Leaving the pictures aside, repeat each line below exactly.
**** Supplied records
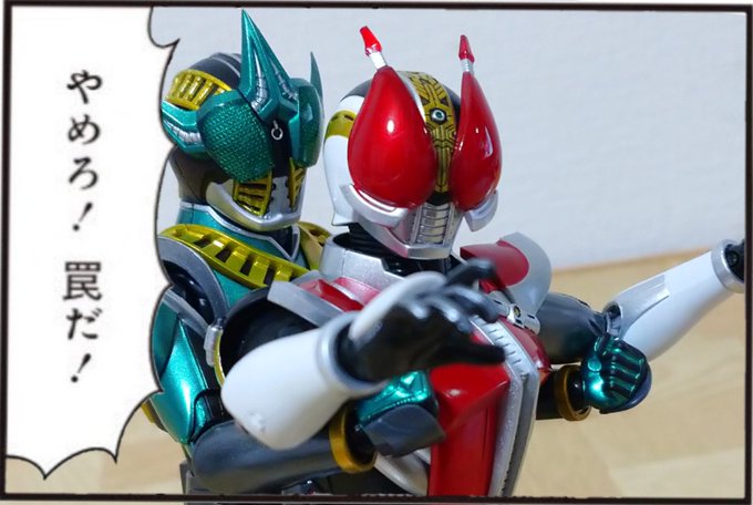 #夜のフィギュア撮影会 お題「連携」 ゼロノス「最初に言っておく俺はか〜なり〜強い!」 「デネブ!最後までちゃんと付き合えよ!」 デネブ「わかった侑斗!ちゃんと仕事こなすからね♪」 ゼロノス「俺達2人がいれば、こんな敵、簡単に倒せるぜぇ!」 #仮面ライダーゼロノス #仮面ライダー #食玩
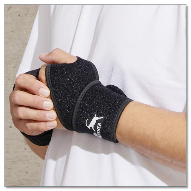 親指を穴に通して面ファスナーを留めるだけなので、利き手へも簡単に装着出来ます。
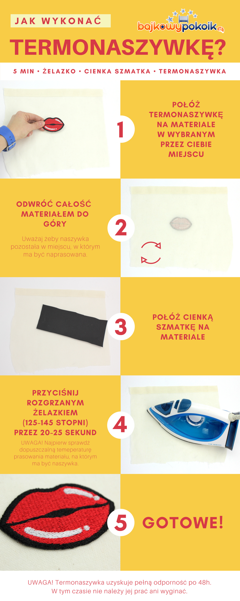 Naszywkę można przyprasować lub przyszyć - idealnie nadaje się do ozdobienia dowolnej tkaniny np. ubrania czy plecaka.
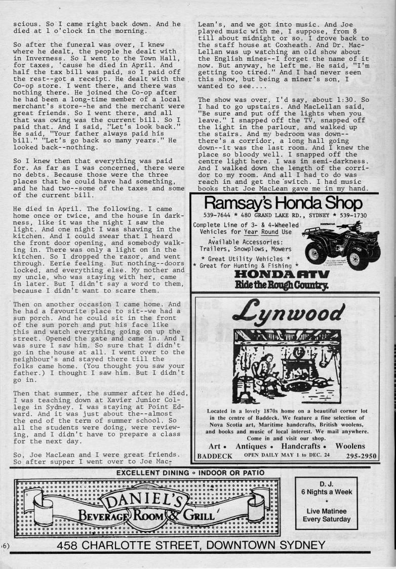 Published by Ronald Caplan on 1987/6/1 (213 reads)scious. So I came right back down. And he died at 1 o'clock in the morning. So after the funeral was over, I knew where he dealt, the people he dealt with in Inverness. So I went to the Town Hall, for taxes, 'cause he died in April, And half the tax bill was paid, so I paid off the rest--got a receipt. He dealt with the Co-op store. I went there, and there was nothing there. He joined the Co-op after he had been a long-time member of a local merchant's store--he and the merchant were great friends, So I went there, and all that was owing was the current bill. So I paid that. And I said, "Let's look back," He said, "Your father always paid his bill." "Let's go back so many years," He looked back--nothing. So I knew then that everything was paid for. As far as I was concerned, there were no debts, Because those were the three places that he could have had something, and he had two--some of the taxes and some of the current bill. He died in April, The following. I came home once or twice, and the house in dark? ness, like it was the night I saw the light. And one night I was shaving in the kitchen. And I could swear that I heard the front door opening, and somebody walk? ing in. There was only a light on in the kitchen. So I dropped the razor, and went through. Eerie feeling. But nothing--doors locked, and everything else. My mother and my uncle, who was staying with her, came in later. But I didn't say a word to them, because I didn't want to scare them. Then on another occasion I came home. And he had a favourite place to sit--we had a sun porch. And he could sit in the front of the sun porch and put his face like this and watch everything going on up the street. Opened the gate and came in. And I was sure I saw him. So sure that I didn't go in the house at all, I went over to the neighbour's and stayed there till the folks came home, (You thought you saw your father,) I thought I saw him. But I didn't go in. Then that summer, the summer after he died, I was teac:hing down at Xavier Junior Col? lege in Sydney. I was staying at Point Ed? ward, And it was just about the--almost the end of the term of summer school. So all the students were doing, were review? ing, and I didn't have to prepare a class for the next day, So, Joe MacLean and I were great friends. So after supper I went over to Joe Mac- Lean's, and we got into music. And Joe played music with me, I suppose, from 8 till about midnight or so, I drove back to the staff house at Coxheath, And Dr, Mac? Lellan was up watching an old show about the English mines--! forget the name of it now. But anyway, he left me. He said, "I'm getting too tired," And I had never seen this show, but being a miner's son, I wanted to see,,,, The show was over, I'd say, about 1:30. So I had to go upstairs. And MacLellan said, "Be sure and put off the lights when you leave," I snapped off the TV, snapped off the light in the parlour, and walked up the stairs. And my bedroom was down-- there's a corridor, a long hall going down--it was the last room. And I knew the place so bloody well, I snapped off the centre light here, I was in semi-darkness. And I walked down the length of the corri? dor to my room. And all I had to do was reach in and get the 'switch. I had music books that Joe MacLean gave me in my hand. Ramsay's Honda Shop 539-7644 * 480 GRAND LAKE RD., SYDNEY * 539-1730 Complete Line of 3- & 4-Wheeled Vehicles for Year Round Use Available Accessories: Trailers, Snowplows, Mowers * Great Utility Vehicles * * Great for Hunting & Fishing * HONDA. flTlf maettieBoBghConiiliy jCj/nwood Located in a lovely 1870s home on a beautiful corner lot in the centre of Baddeck, We feature a fine selection of Nova Scotia art, Maritime handcrafts, British woolens, and books and music of local interest. We mail anywhere. Come in and visit our shop. Art • Antiques • Handcrafts • Woolens BADDECK OPEN daily may i to dec, 24 295-2950 EXCELLENT DINING <> INDOOR OR PATIO looooooftofliBBBgaftBBBBBBBBBBB BBBBBBWUBBBBBBBBBBBflBBBBI D.J. 6 Nights a Week * Live Matinee Every Saturday 458 CHARLOTTE STREET DOWNTOWN SYDNEY
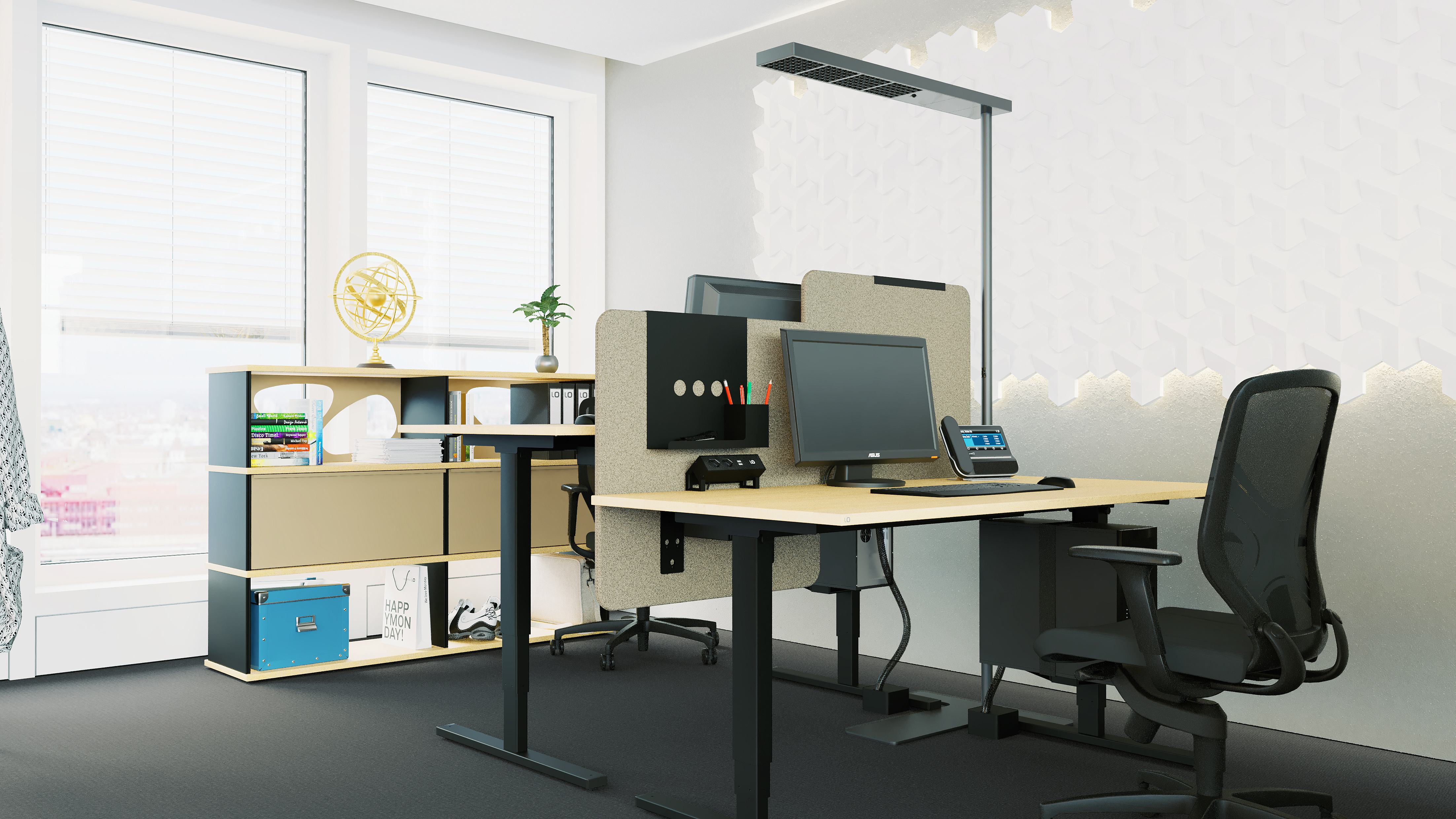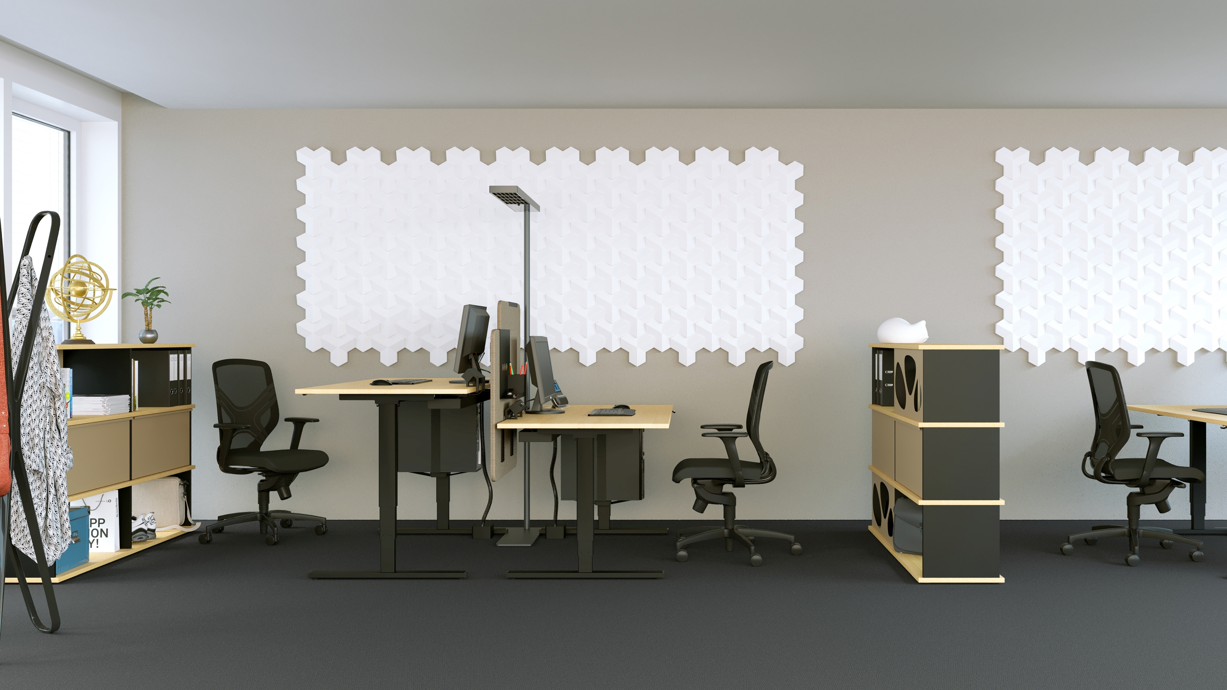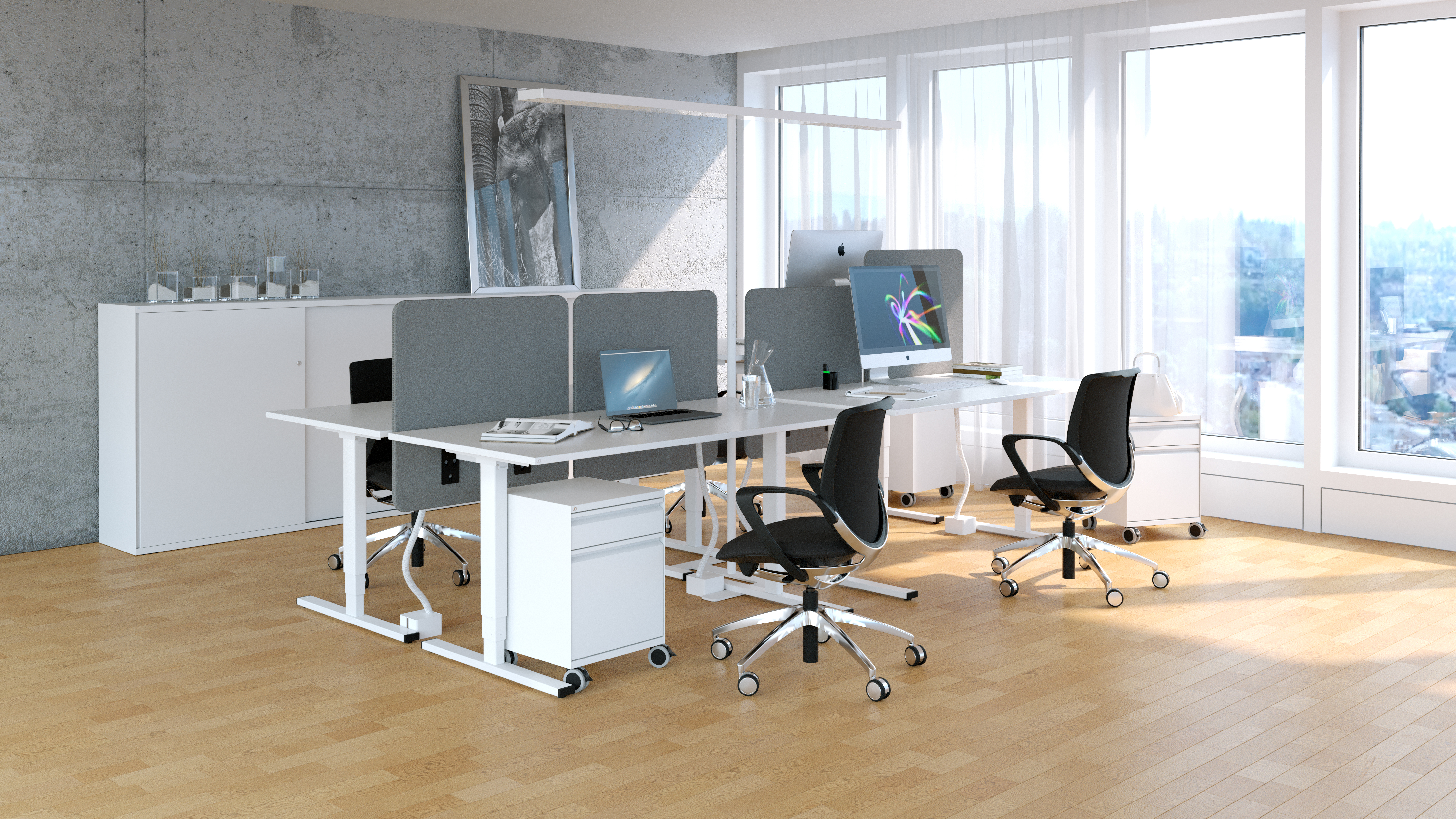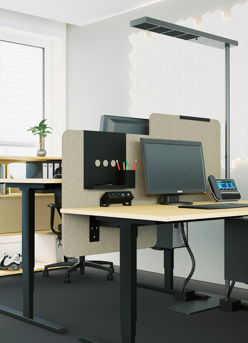 Ohne Ruhe keine Konzentration. Ohne System keine Ordnung. Drei akustisch wirksame Sichtschutzwände mit einer Vielzahl von passenden Organisationselementen sorgen für mehr Privatsphäre und Individualität am Arbeitsplatz.
********
- [Completed task]
 #夜のフィギュア撮影会 お題「連携」 ゼロノス「最初に言っておく俺はか〜なり〜強い!」 「デネブ!最後までちゃんと付き合えよ!」 デネブ「わかった侑斗!ちゃんと仕事こなすからね♪」 ゼロノス「俺達2人がいれば、こんな敵、簡単に倒せるぜぇ!」 #仮面ライダーゼロノス #仮面ライダー #食玩
 親指を穴に通して面ファスナーを留めるだけなので、利き手へも簡単に装着出来ます。
 Naszywkę można przyprasować lub przyszyć - idealnie nadaje się do ozdobienia dowolnej tkaniny np. ubrania czy plecaka.
 Published by Ronald Caplan on 1987/6/1 (213 reads)scious. So I came right back down. And he died at 1 o'clock in the morning. So after the funeral was over, I knew where he dealt, the people he dealt with in Inverness. So I went to the Town Hall, for taxes, 'cause he died in April, And half the tax bill was paid, so I paid off the rest--got a receipt. He dealt with the Co-op store. I went there, and there was nothing there. He joined the Co-op after he had been a long-time member of a local merchant's store--he and the merchant were great friends, So I went there, and all that was owing was the current bill. So I paid that. And I said, "Let's look back," He said, "Your father always paid his bill." "Let's go back so many years," He looked back--nothing. So I knew then that everything was paid for. As far as I was concerned, there were no debts, Because those were the three places that he could have had something, and he had two--some of the taxes and some of the current bill. He died in April, The following. I came home once or twice, and the house in dark? ness, like it was the night I saw the light. And one night I was shaving in the kitchen. And I could swear that I heard the front door opening, and somebody walk? ing in. There was only a light on in the kitchen. So I dropped the razor, and went through. Eerie feeling. But nothing--doors locked, and everything else. My mother and my uncle, who was staying with her, came in later. But I didn't say a word to them, because I didn't want to scare them. Then on another occasion I came home. And he had a favourite place to sit--we had a sun porch. And he could sit in the front of the sun porch and put his face like this and watch everything going on up the street. Opened the gate and came in. And I was sure I saw him. So sure that I didn't go in the house at all, I went over to the neighbour's and stayed there till the folks came home, (You thought you saw your father,) I thought I saw him. But I didn't go in. Then that summer, the summer after he died, I was teac:hing down at Xavier Junior Col? lege in Sydney. I was staying at Point Ed? ward, And it was just about the--almost the end of the term of summer school. So all the students were doing, were review? ing, and I didn't have to prepare a class for the next day, So, Joe MacLean and I were great friends. So after supper I went over to Joe Mac- Lean's, and we got into music. And Joe played music with me, I suppose, from 8 till about midnight or so, I drove back to the staff house at Coxheath, And Dr, Mac? Lellan was up watching an old show about the English mines--! forget the name of it now. But anyway, he left me. He said, "I'm getting too tired," And I had never seen this show, but being a miner's son, I wanted to see,,,, The show was over, I'd say, about 1:30. So I had to go upstairs. And MacLellan said, "Be sure and put off the lights when you leave," I snapped off the TV, snapped off the light in the parlour, and walked up the stairs. And my bedroom was down-- there's a corridor, a long hall going down--it was the last room. And I knew the place so bloody well, I snapped off the centre light here, I was in semi-darkness. And I walked down the length of the corri? dor to my room. And all I had to do was reach in and get the 'switch. I had music books that Joe MacLean gave me in my hand. Ramsay's Honda Shop 539-7644 * 480 GRAND LAKE RD., SYDNEY * 539-1730 Complete Line of 3- & 4-Wheeled Vehicles for Year Round Use Available Accessories: Trailers, Snowplows, Mowers * Great Utility Vehicles * * Great for Hunting & Fishing * HONDA. flTlf maettieBoBghConiiliy jCj/nwood Located in a lovely 1870s home on a beautiful corner lot in the centre of Baddeck, We feature a fine selection of Nova Scotia art, Maritime handcrafts, British woolens, and books and music of local interest. We mail anywhere. Come in and visit our shop. Art • Antiques • Handcrafts • Woolens BADDECK OPEN daily may i to dec, 24 295-2950 EXCELLENT DINING <> INDOOR OR PATIO looooooftofliBBBgaftBBBBBBBBBBB BBBBBBWUBBBBBBBBBBBflBBBBI D.J. 6 Nights a Week * Live Matinee Every Saturday 458 CHARLOTTE STREET DOWNTOWN SYDNEY
 Ohne Ruhe keine Konzentration. Ohne System keine Ordnung. Drei akustisch wirksame Sichtschutzwände mit einer Vielzahl von passenden Organisationselementen sorgen für mehr Privatsphäre und Individualität am Arbeitsplatz.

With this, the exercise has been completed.